**Material provided:**
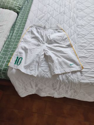 Pantalones cortos de fútbol, en blanco y verde. Son de la selección brasileña y llevan el número 10. Están en buen estado. - Número 10 bordado. - Detalles en verde y amarillo.
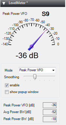 Take a look to the config file “SDRSharp.LevelMeter.xml” if you like to change the default settings (needs to restart SDR#)
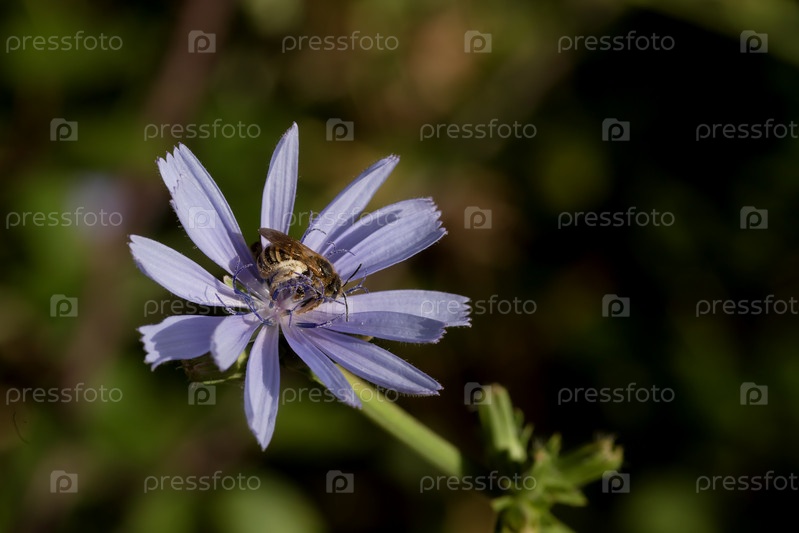 Растение (Cichorium) с голубыми цветами и крупным планом пчелы

**Brief:** From the line containing "Take a look" to the end of the data above, give those lines again verbatim, with both endpoints included and no images.

**Answer for this exercise:**
 Take a look to the config file “SDRSharp.LevelMeter.xml” if you like to change the default settings (needs to restart SDR#)
 Растение (Cichorium) с голубыми цветами и крупным планом пчелы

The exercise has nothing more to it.